The case of molecular adaptation in question is the adaptation of the Adh gene in a species of fruit fly (D. melanogaster) to improve the catalytic power of the ADH (Alcohol Dehydrogenase) enzyme and therefore caused the flies to have an increased alcohol tolerance. D. melanogaster resides in an ethanol-rich niche, feeding on fermenting (rotting) fruit, while closely related species do not. In 1991, John McDonald and Martin Kreitman of Princeton University published a paper testing the hypothesis that the Ahd gene had undergone adaptive evolution in the D. melanogaster lineage relative to its sister species. The test they implemented has since become known as the McDonald-Kreitman (MK) test, and forms the basis of a lot of studies inferring adaptive molecular evolution.

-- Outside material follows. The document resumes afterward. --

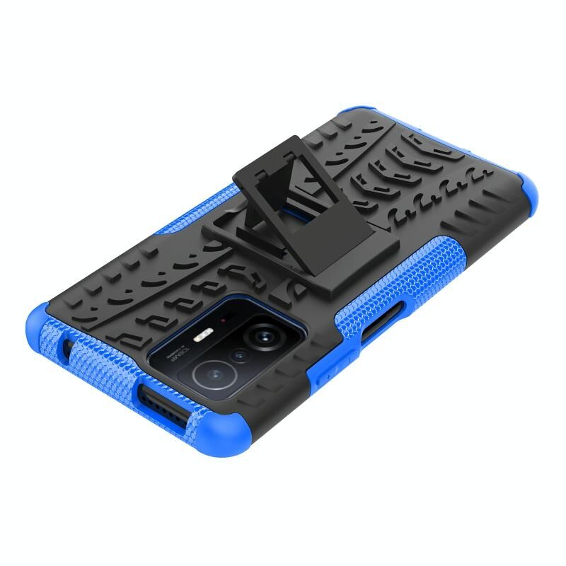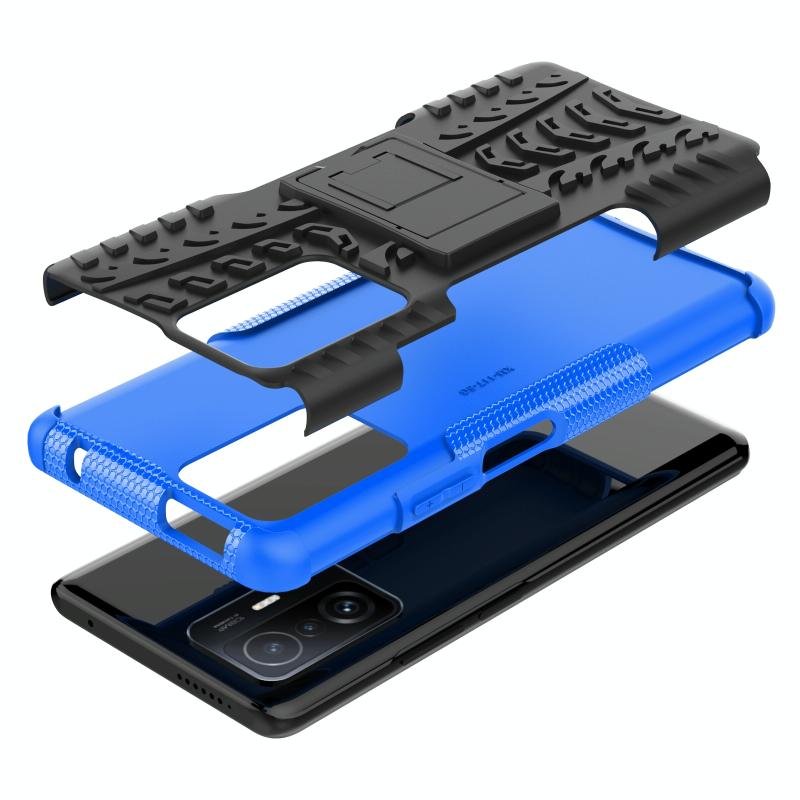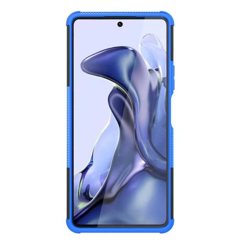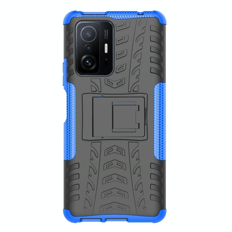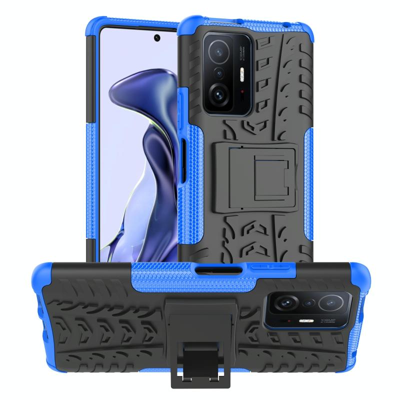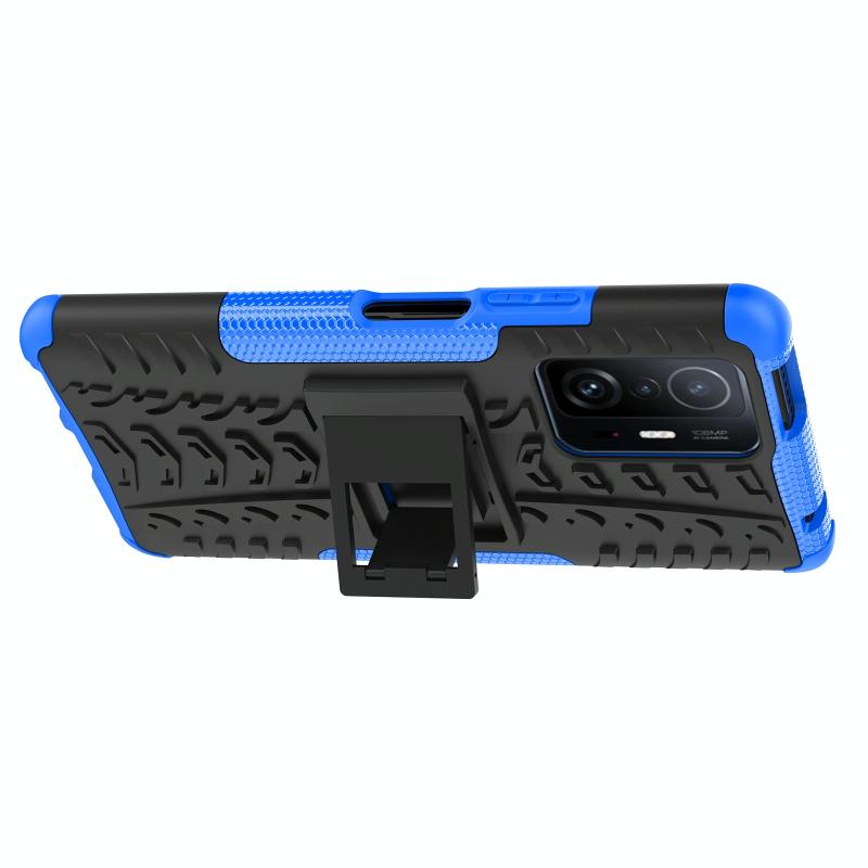 Θήκη κινητού τηλεφώνου για Xiaomi Mi 11T με υφή ελαστικού αυτοκινήτου TPU + PC με βάση στήριξης (Μπλε)

Without going into all the details, the test requires sequence information from multiple individuals from least two species, in order to gather data about the number of nucleotide substitutions that are polymorphic (vary within the species) and that are fixed (only vary between species, not within them), and how many of these are synonymous (don’t change the encoded amino acid) and non-synonymous (do change the amino acid). The test compares the ratio of non-synonymous and synonymous fixed nucleotide differences (dN/dS) to the ratio of non-synonymous and synonymous polymorphic nucleotide differences (pN/pS) . If the dN/dS ratio is significantly larger than the pN/pS ratio, this represents a departure from neutrality and therefore can represent the signature of adaptive molecular evolution.

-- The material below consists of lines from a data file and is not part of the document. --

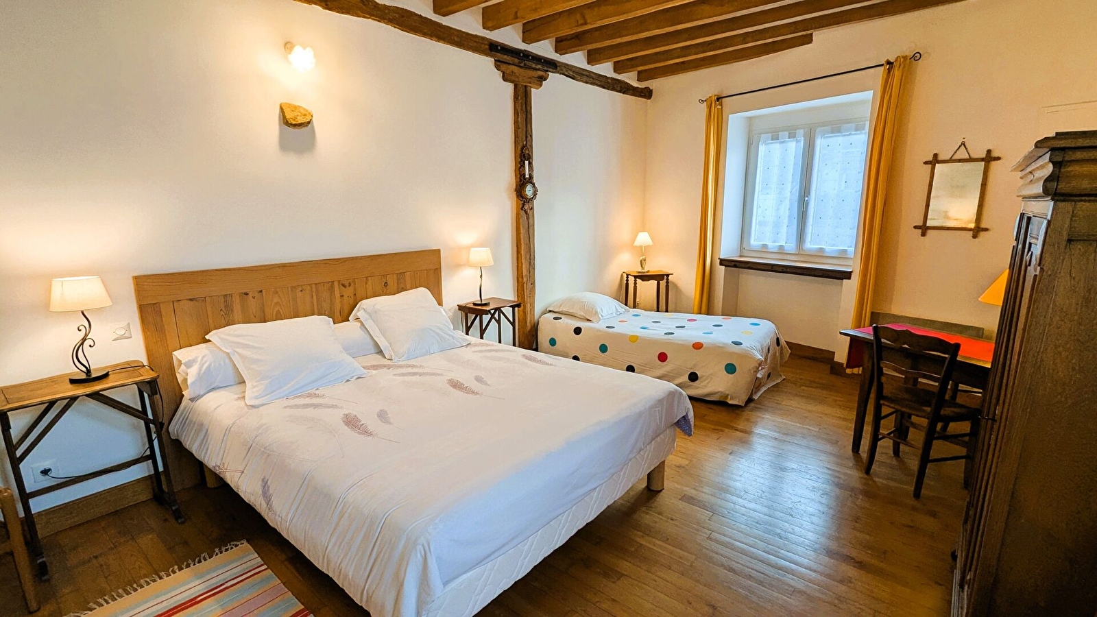 Les vélos peuvent être stockés dans la grange fermée attenante au gîte. 2 places de stationnement dans la cour.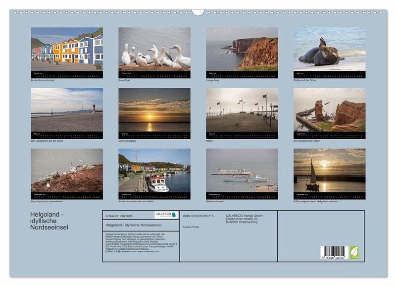 und Familie, für Kinder und Erwachsene, jung und alt, zu Weihnachten, Geburtstag oder zwischendurch.VIELFALT - Bildkalender in verschiedenen Formaten, z.B. DIN A5, DIN A4, DIN A3 sowie DIN A2. Ob Naturmotiv, Gemälde oder Fotos, ideal für ein persönliches Wohlfühlambiente.Helgoland, die idyllische Nordseeinsel, wer einmal dort war, kann sich ihres Zaubers nicht entziehen. von Autor(in): Andrea Potratz.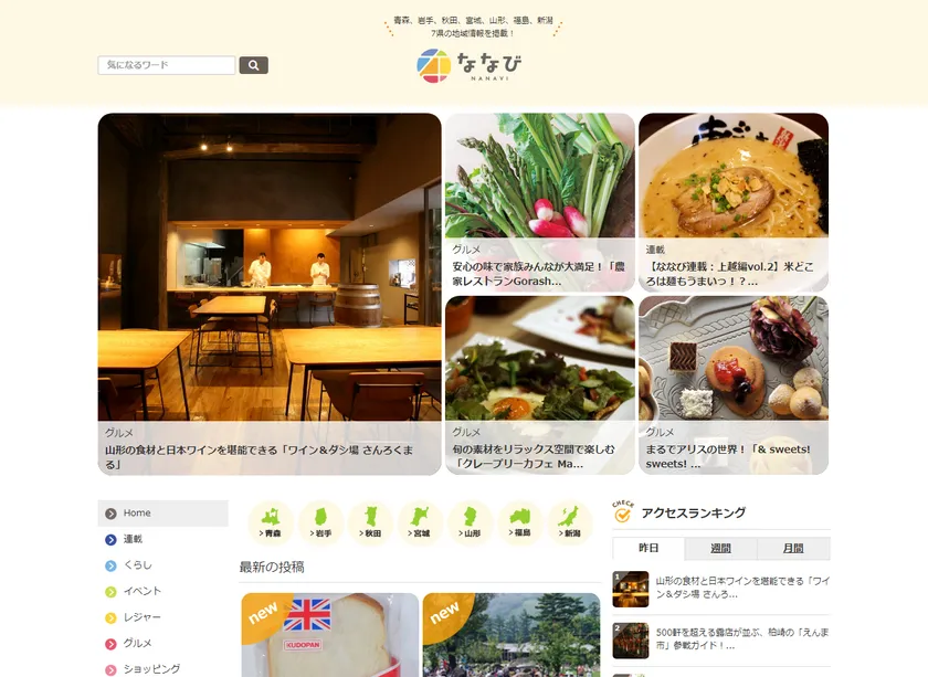 「ななび」は青森県・岩手県・秋田県・宮城県・山形県・福島県の東北6県と新潟県の情報を、現地からお届けする地域密着型情報サイトです。現地で直接取材した情報や、各自治体の発信する情報をもとに、地域住民の目線でその地域に根ざした情報を発信していきます。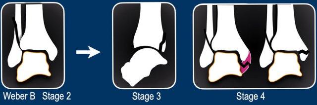 - Giai đoạn 4 là tổn thương khớp chày mác xa phía sau, đôi khi không thể nhìn thấy, nhưng sẽ bị nghi ngờ nếu có sự giãn rộng của khớp cổ chân hoặc khi có mảnh avulsion của mắt cá sau (malleolus tertius) như được thấy trong hình minh họa.
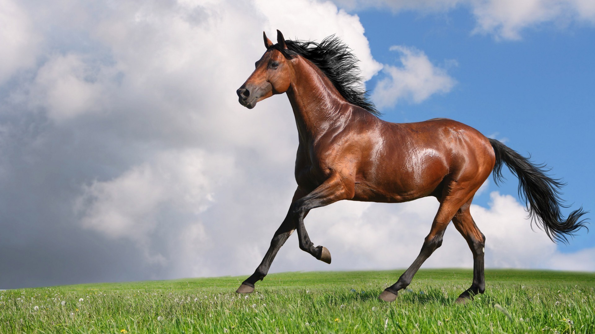 Ein pferd mit weißen hufen. blauer, schöner himmelEin Pferd mit weißen Hufen. Blauer, schöner Himmel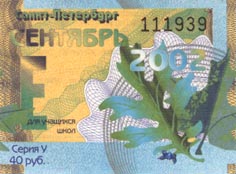 Единый проездной билет для школьников Сентябрь 2002 года Цена 40 рублей |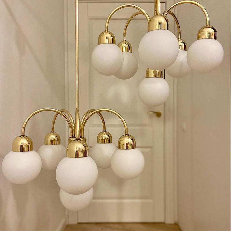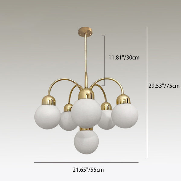 Modern Mid-Century Iron Arc Rod Glass Ball Shade 6-Light Chandelier For Living Room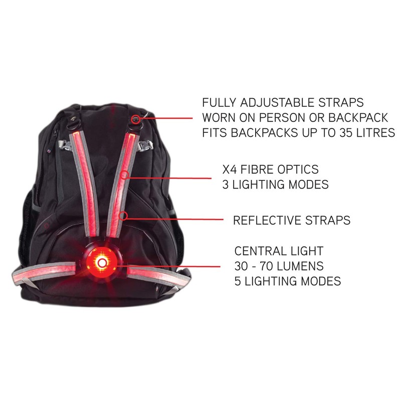 - Worn over shoulder without a backpack; Micro USB rechargeable

The reasoning here is that if the sequence had evolved neutrally, we would expect that the polymorphic ratio should be the same as the fixed ratio, because there would be no selective pressure to cause the fixation of a higher number of non-synonymous (potentially function-altering) substitutions. In simple terms then, the MK test calculates whether there have been a higher proportion of potentially function-altering mutations in a lineage than would be expected by neutral evolution. In their paper, McDonald and Kreitman found that the substitution frequency table for the Adh gene in 3 closely-related species of fruit fly looked like this:
From the table, it’s easily to calculate dN/dS = 7/17 = 0.41, and pN/pS = 2/42 = 0.05. 0.41 is significantly higher than 0.05, so the null hypothesis of neutral evolution can be rejected. Easy. It’s important to note, however, that departure from the expected neutral results isn’t “proof” that the sequence in question has evolved adaptively, it is just a good indication. Alternate explanations for the departure from neutrality include relaxed constraints on the sequence, or simply a series of unlikely events. Another important point is that this test doesn’t tell us which of the species in question underwent the adaptive evolution, it just tells us whether or not there is a signature of selection somewhere in the group or not.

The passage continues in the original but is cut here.